_Activity:_
Leave out the pictures and retype, exactly, the lines below from the line with "WDZ-BYJ-125:即為" up to and including the line with "御霊公園では、昭和28年に襲", nothing more.

─── Data to examine

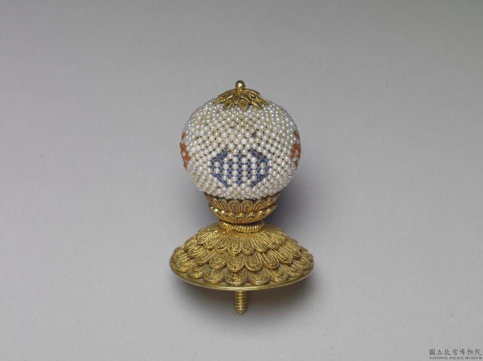 银镀金起花座,上嵌缉米珠圆球,圆球以白色米珠为地,间以珊瑚米珠砌成卍字、蝙蝠纹,又以蓝色米珠缉成寿字。
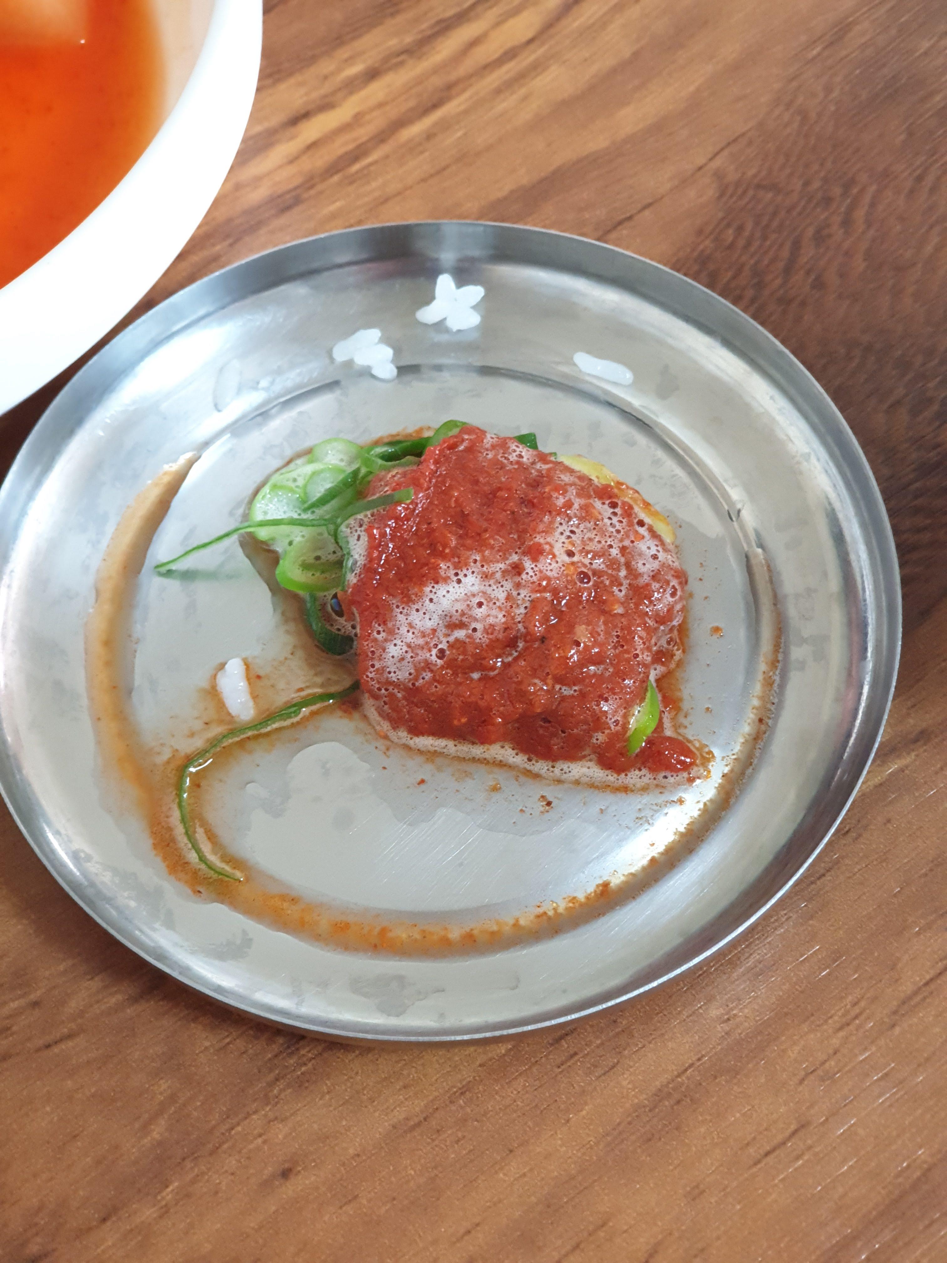 반쯤 먹은 뒤 조심스럽게 다데기를 풀어냈습니다.
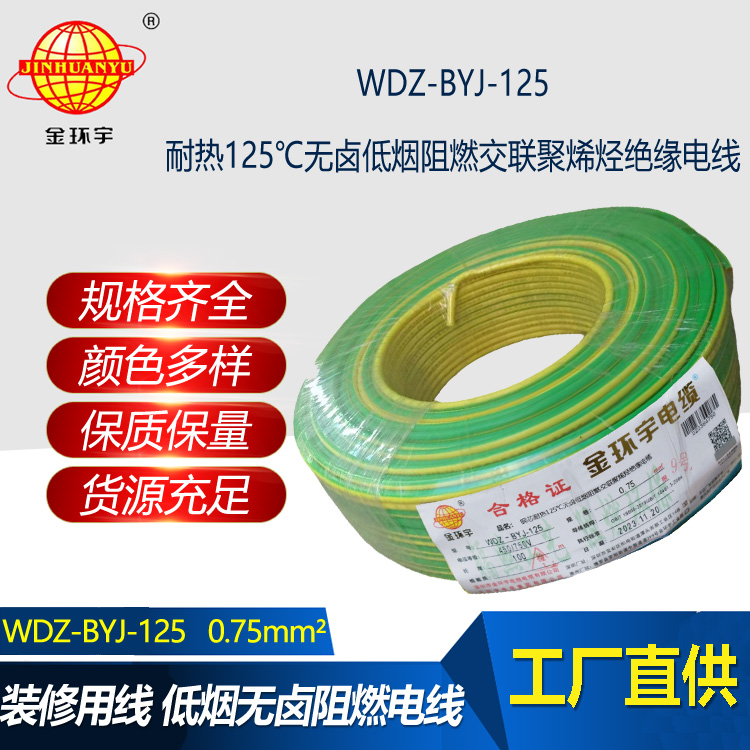 WDZ-BYJ-125:即為低煙無鹵阻燃電線,是指電線的絕緣層材料鹵素物質,在燃燒的情況下,不釋放含鹵氣體,煙霧濃度低,參照標準為JB/T 10491-2004,型號有WDZA-BYJ、WDZB-BYJ、WDZC-BYJ等,
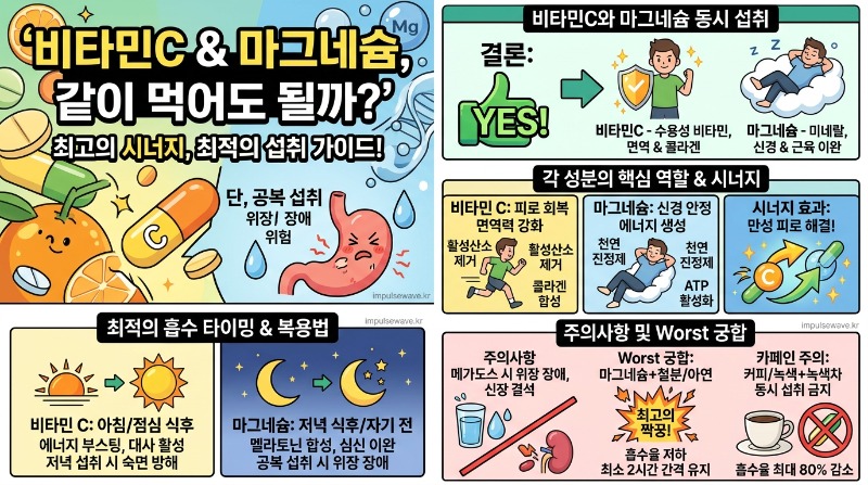 결론부터 명확하게 말씀드릴게요. 두 성분은 함께 섭취해도 체내에서 서로의 흡수를 방해하거나 충돌하지 않아요. 오히려 각자의 위치에서 독립적으로 긍정적인 작용을 하기 때문에 안심하고 드셔도 된답니다. 비타민 C는 영양제 생태계에서 이른바 '무자본 필수 1티어'로 불릴 만큼 가성비가 뛰어나고 접근성이 좋은 수용성 속성을 가지고 있으며, 마그네슘은 미네랄 속성을 띠고 있습니다.
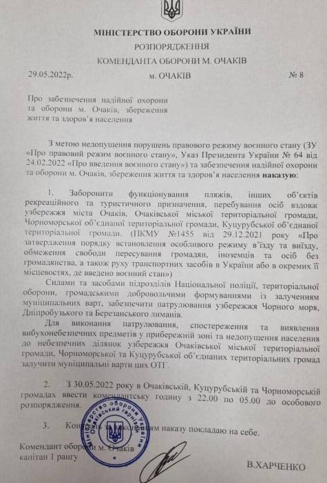 Соответствующий указ подписал комендант обороны города Очакова Виталий Харченко.
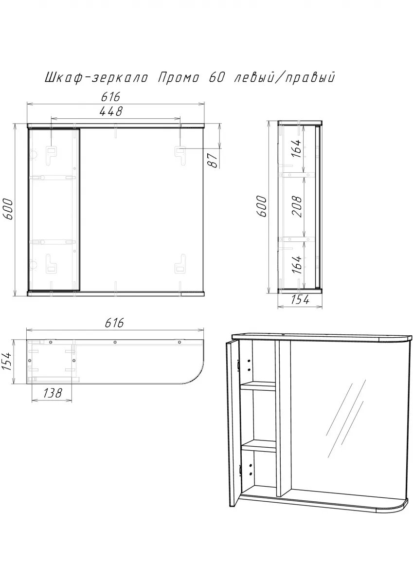 Шкаф-зеркало Айсберг Промо 60 белый DP2608HZ
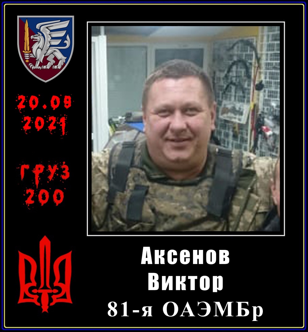 20.09.2021 — Аксенов Виктор, 1972 г. р., старший сержант, военнослужащий 81 ОАЭМБр. Свою расплату за жизни невинно убиенных мирных жителей Донбасса получил в виде смерти от ишемической болезни сердца (инфаркт).
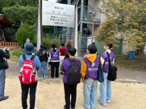 御霊公園では、昭和28年に襲った台風13号の影響で、由良川が氾濫し、当時の水位が記されており、地域の歴史を学習しました。
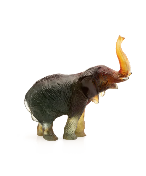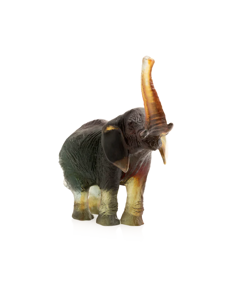 Cet éléphant Daum, réalisé en collaboration avec l’artiste Jean-François Leroy, évoque les vastes plaines africaines où ces majestueux animaux règnent. Façonnée à la main en pâte de verre, technique séculaire maîtrisée par Daum, chaque pièce est unique, reflétant une palette de verts et d’ambres qui capturent et diffusent la lumière. L’expression saisissante de l’éléphant et son mouvement éternel sont figés dans le cristal, offrant une présence magnétique. Cette pièce imposante, à la fois délicate et puissante, éclaire votre espace de sa beauté naturelle, invitant à la contemplation et à l’émerveillement. Création unique de la prestigieuse cristallerie Daum.
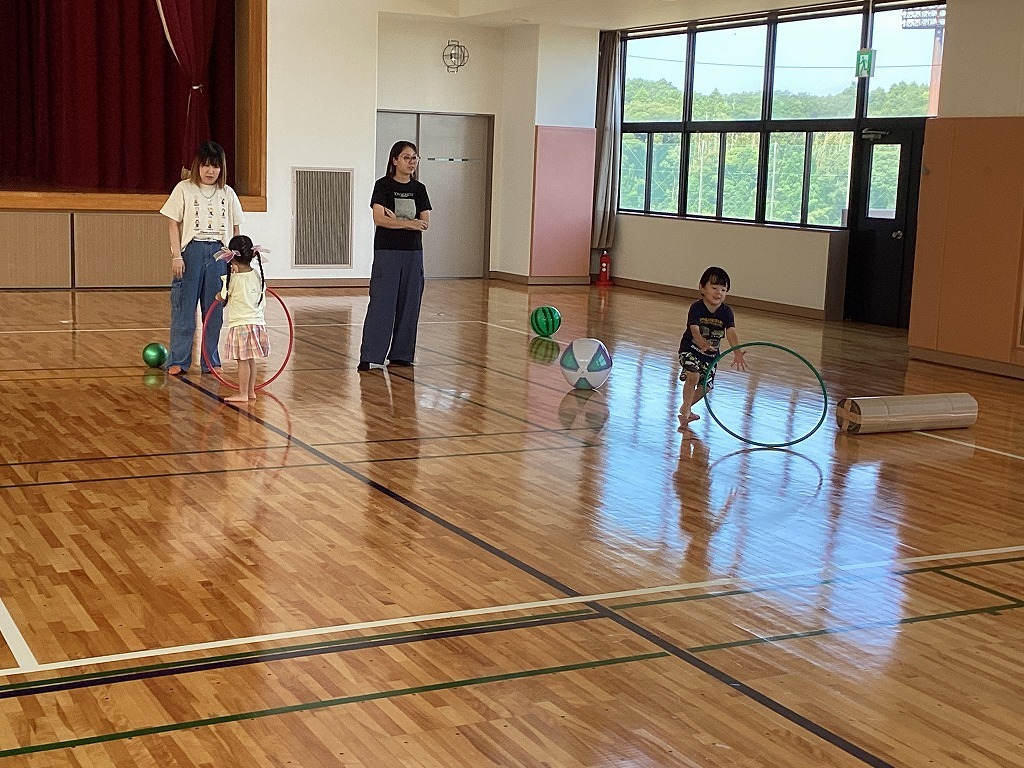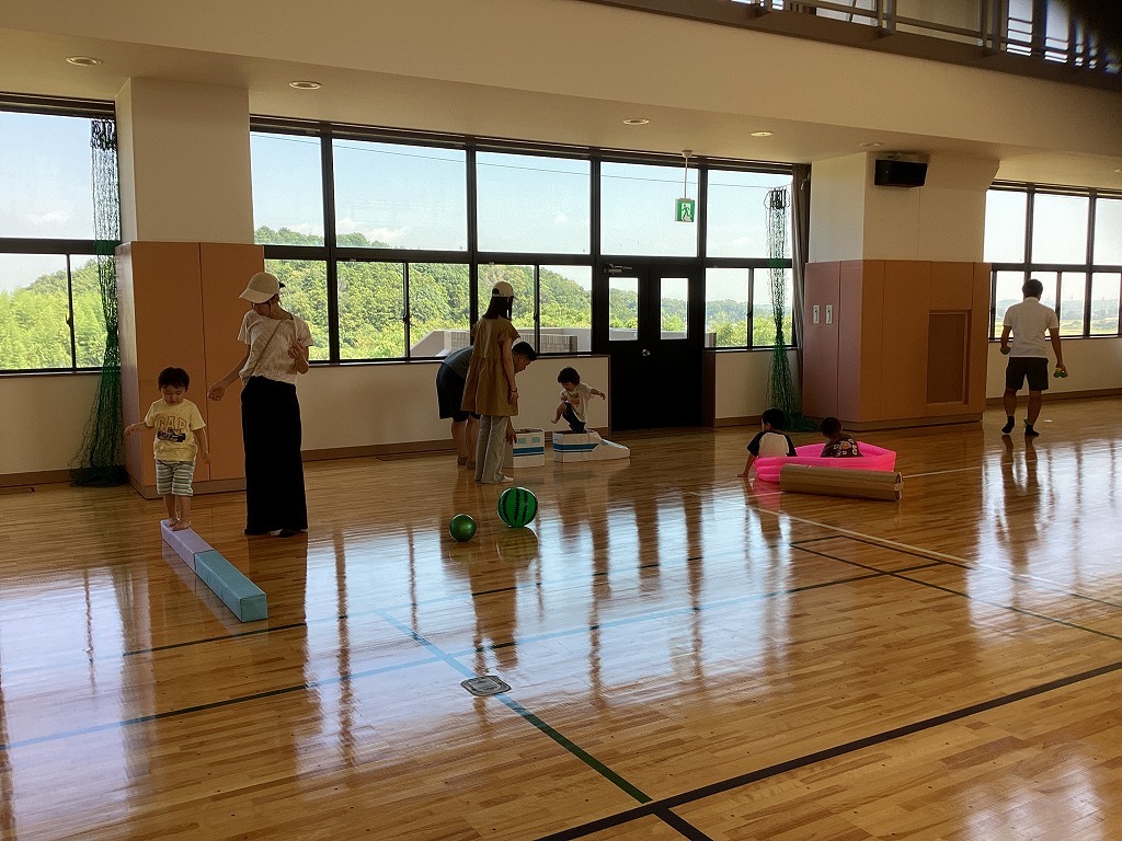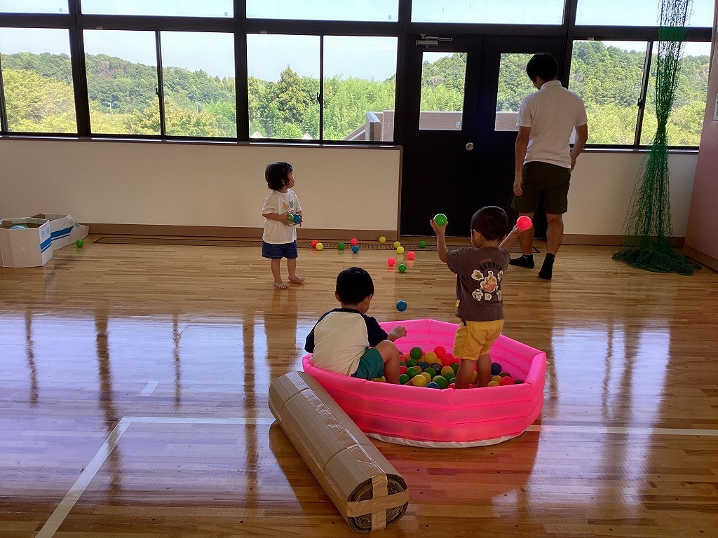8月29日(金)30日(土)の二日間本埜公民館3階の多目的ホールをお借りして「おもいっきり体を動かそう」の日としました。39組103名の方が遊びに来てくださいました。広いホールを走り回り、ボールを転がし大汗かいて遊んで帰っていました。ちょっと疲れたら2階に降りてきてちょっとブレイクタイムでおもちゃで遊び支援センターを満喫してくれていました。毎月行います。お便りをご覧ください。
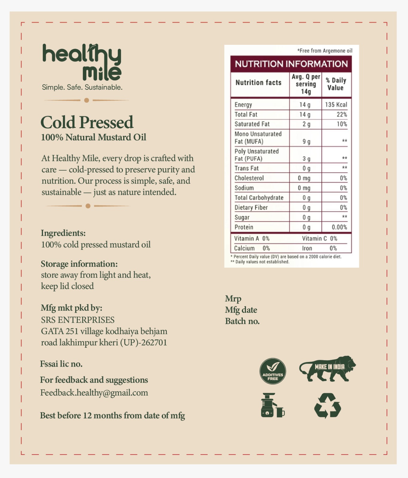 Cold-pressed from high-quality mustard seeds, our mustard oil delivers rich aroma, strong flavor, and natural nutrients. Perfect for cooking, frying, and traditional recipes.
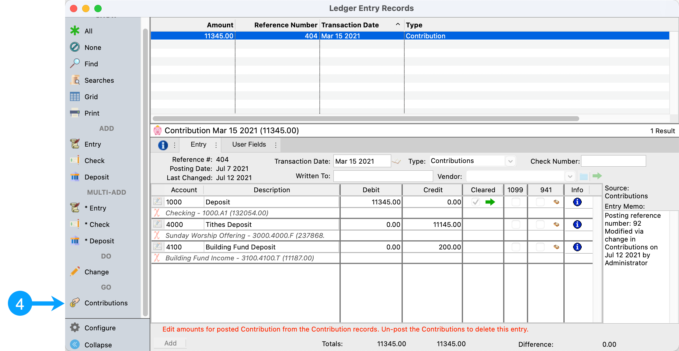 We review the debit amounts using prior contribution batch postings and discover that the March 15th batch is higher than what we have on our contribution posting report by 245.00.
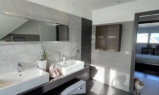 Sect. frontalier, Schönenbuch, Hagenthal, Hégenheim, Allschwil : Magnifique Plain Pied env. 255 m² / grand espace de vie avec hauts plafonds env. 85 m², belle cheminée, 3 sorties sur les terrasses / 4-5 chambres dont 1 master, 3 SdB / combles aménageables. Situation calme & idyllique, proche centre + Bâle, à 10 min du TRAM n°10, idéale frontaliers, international people ! Rez de Jardin / Sous-sol aménagé en logement intégré : vaste entrée représentative, bar avec salle de réception, WC, salle d'eau, 2 chambres d'amis, 2 celliers, cave à vin, 2 garages, chaufferie (au fuel). Jardin magnifiquement aménagé, très soigné. Plusieurs belles terrasses dont 1 surélevée et semi-couverte. Maisonnette de jardin, biotope. Du soleil du matin au soir ! Soigné. Qualité de A - Z ! Règlementation immobilière : Honoraire à la charge du vendeur - Viel Platz + Komfort, gute Qualität und guter Geschmack, das sieht und spürt man sowohl im Inneren wie auch im Außenbereich, im großen, sehr gepflegen Garten und auf den Panorama-Terrassen. Nahe guter bis sehr guter Infrastruktur, ruhig und sonnig, gute Distanz zu wenigen Nachbarn ! Schweizer und deutsche Grenze in 5 - 10 Minuten mit dem Auto. Schöne Südlage, leicht erhöht. Gewachsenes Wohngebiet mit verstreut liegenden Villen, kleinen bewaldeten Wanderwegen. Gepflegter Garten auf ca. 1700 m² Land, mit recht großem Gartenhaus, ggf. ausbaubar. Freier Blick auf das Dorf. Nahe dem Zentrum - das Meiste ist zu Fuß erreichbar. Mit 5 Schlafzimmern (darunter ein Elternschlafzimmer mit Bad), einem sehr großen Wohnzimmer mit Kamin und einem gediegenen Esszimmer mit Ausgängen zu die erhöht liegenden Terrassen, 3 Badezimmern und einer großen, sehr schönen Küche. bietet diese Villa viel Platz für eine große Familie mit Kindern, mit Anhang, für Sie und Ihren Besuch oder um B & B zu starten. Natürlich ist Ihr Zuhause auch bestens für Freiberufler und Homeworker geeignet. Vollausgebauter Par-Terre-Bereich / Untergeschoss, mit Gästezimmer + Bad, 1 Spiel- / Schlafzimmer, Weinkeller. 2 Garagen für 4 Autos, Ölheizung, 2 Vorratskammern. Alles auch rollstuhlgängig ! Großer Dachboden mit der Möglichkeit, dort noch mehr Wohnraum zu schaffen. Das Haus ist auch leicht in 2 unabhängige Wohneinheiten teilbar. Das idyllische, professionell angelegte Grundstück mit mehreren Terrassen ist ein wahrer Traum ! Biotop- Kurz : eine Villa mit Qualität von A - Z in einer Vorzugs-Lage ! Ruhe, freier Blick, viel Sonne und angenehme Schattenplätze im Sommer - dies alles nur wenige Gehminuten von Wiesen, Wäldchen und Feldern entfernt ! Ca. 7 - 10 min bis schweizer Grenze / Biel-Benken. Laufen Sie gemütlich zum Bäcker, Metzger, zum Kindergarten und der Schule, zum neuen Colruyt Supermarkt, zur Bank, zu Restaurants. Nahe Distri-Bushaltestelle und rund 7 - 10 min von Haltestelle Tram n° 10 in Leymen nach Basel und der Tram in Saint Louis nach Basel, zum Bahnhof., zu den verschiedenen Autobahnen und übern Rhein nach D. - Near Basel and Leymen, a huge villa consisted of 2 living levels, is awaiting you ! Located at the brim of a nice village, surrounded by a magnificent land and garden of 1.700 m². Very sunny and quiet environment near good amenities and small forests, meadows and fields. You have 5 bedrooms (including 1 master with a bath), 3 bathrooms in all, a big living and a dining room is the centre of the house as well as a fantastic kitchen. 3 access to the outside and onto the garden. At rez-de-jardin-level is an independent apartment - a large converted ground floor, with a bar and reception room. In the attic you got more potential to create additional living space. Garages, cellars, wine cellar are at rez-de-chaussée level, including an attached double garage. Beautiful landscaped garden, several terraces, one covered and one elevated. À biotope, a garden house that you might convert into a guest house. What more do you need ? Near center, schools, restaurants, backery and shopping. Tramway to Basel at 5 min. Biel Benken / Swiss border you reach just in 5-7 min by car, the airport and mototway in 12 - 15 min. À visit pays!

──────

_Output below:_
 WDZ-BYJ-125:即為低煙無鹵阻燃電線,是指電線的絕緣層材料鹵素物質,在燃燒的情況下,不釋放含鹵氣體,煙霧濃度低,參照標準為JB/T 10491-2004,型號有WDZA-BYJ、WDZB-BYJ、WDZC-BYJ等,
 결론부터 명확하게 말씀드릴게요. 두 성분은 함께 섭취해도 체내에서 서로의 흡수를 방해하거나 충돌하지 않아요. 오히려 각자의 위치에서 독립적으로 긍정적인 작용을 하기 때문에 안심하고 드셔도 된답니다. 비타민 C는 영양제 생태계에서 이른바 '무자본 필수 1티어'로 불릴 만큼 가성비가 뛰어나고 접근성이 좋은 수용성 속성을 가지고 있으며, 마그네슘은 미네랄 속성을 띠고 있습니다.
 Соответствующий указ подписал комендант обороны города Очакова Виталий Харченко.
 Шкаф-зеркало Айсберг Промо 60 белый DP2608HZ
 20.09.2021 — Аксенов Виктор, 1972 г. р., старший сержант, военнослужащий 81 ОАЭМБр. Свою расплату за жизни невинно убиенных мирных жителей Донбасса получил в виде смерти от ишемической болезни сердца (инфаркт).
 御霊公園では、昭和28年に襲った台風13号の影響で、由良川が氾濫し、当時の水位が記されており、地域の歴史を学習しました。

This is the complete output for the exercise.